## BRIEF
What should be copied is the stretch of entries below from the line with "На конец сетевого" up to and including the line with "1972 AMC original.", exactly and without images.
==== PROVIDED INFORMATION ====
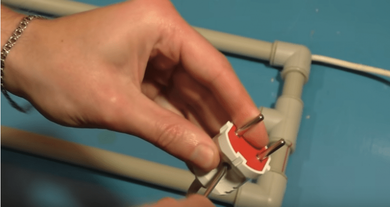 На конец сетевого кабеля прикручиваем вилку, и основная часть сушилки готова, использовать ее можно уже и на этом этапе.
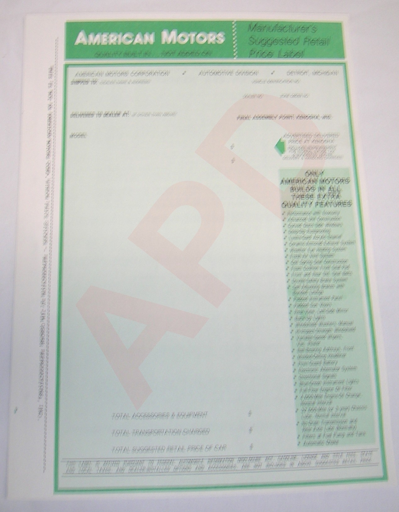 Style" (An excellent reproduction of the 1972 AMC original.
====
==== PROVIDED INFORMATION ====
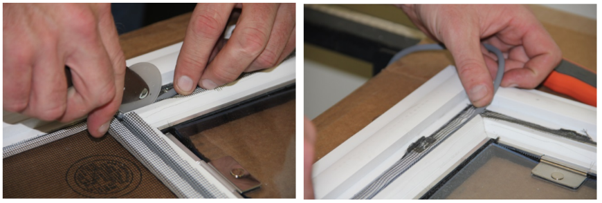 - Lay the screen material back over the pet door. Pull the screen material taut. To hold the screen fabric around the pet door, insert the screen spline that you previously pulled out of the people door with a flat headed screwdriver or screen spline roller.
====
## ANSWER SECTION
 На конец сетевого кабеля прикручиваем вилку, и основная часть сушилки готова, использовать ее можно уже и на этом этапе.
 Style" (An excellent reproduction of the 1972 AMC original.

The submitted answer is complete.